A jaunty looking guy in a tweed suit with what appear to be chocolatey suede shoes.  An old Laurence Fellows illustration that I don't think has ever featured here before on the Classic Style blog.

My view on dress and personal style is hopelessly out of step with much of the rest of society now.  That’s not necessarily a bad thing though.  Keep in mind that I am an aging 80s rocker metal head, who finally got with the program by the mid-1990s once I worked out in my mid- to late 20s how I wanted life to be after biting the academic bullet and returning to school.  With that experience from the other side of the sartorial and social tracks in mind, allow me to hold forth a bit. 

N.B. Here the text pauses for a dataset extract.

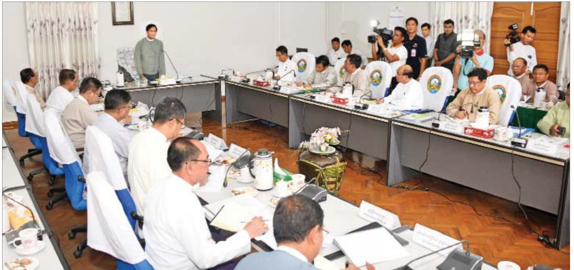
ဒုတိယသမ္မတ ဦးဟင်နရီဗန်ထီးယူ သကြားကဏ္ဍနှင့် ငါးကဏ္ဍဖွံ့ဖြိုးတိုးတက်ရေးလုပ်ငန်းညှိနှိုင်းအစည်းအဝေးတွင် အမှာစကားပြောကြားစဉ်။

နေပြည်တော် အောက်တိုဘာ ၉ သကြားကဏ္ဍနှင့် ငါးကဏ္ဍဖွံ့ဖြိုးတိုးတက်ရေး လုပ်ငန်းညှိနှိုင်းအစည်းအဝေးကို ယနေ့ မွန်းလွဲ ၁ နာရီတွင် နေပြည်တော်ရှိ စိုက်ပျိုးရေး၊ မွေးမြူရေးနှင့် ဆည်မြောင်းဝန်ကြီးဌာန၌ ကျင်းပရာ တောင်သူလယ်သမားအခွင့်အရေး ကာကွယ်ရေးနှင့် အကျိုးစီးပွားမြှင့်တင်ရေးဦးဆောင်အဖွဲ့ အဖွဲ့ခေါင်းဆောင် ဒုတိယသမ္မတ ဦးဟင်နရီဗန်ထီးယူ တက်ရောက်အမှာစကားပြောကြားသည်။ အစည်းအဝေးသို့ ပြည်ထောင်စုဝန်ကြီးများဖြစ်ကြသည့် ဒေါက်တာ

Grooming and how we attire ourselves remain important in the 21st century if we are brutally honest about it.   For people to be taken seriously, it still helps to present a pulled together, polished appearance -- Note I did not use the term 'suit.' -- rather than shambling aimlessly through life dressed in the guise of an overstuffed lawn and leaf bag, or dirty laundry basket with a backwards ball cap perched on top and bling or body art cheapening one’s body and leaving the wrong impression behind ourselves in the process.  Dressing better than the sad, pathetic, self-defeating average is not trying too hard, guys.  It's time we have a serious inner conversation with ourselves about that.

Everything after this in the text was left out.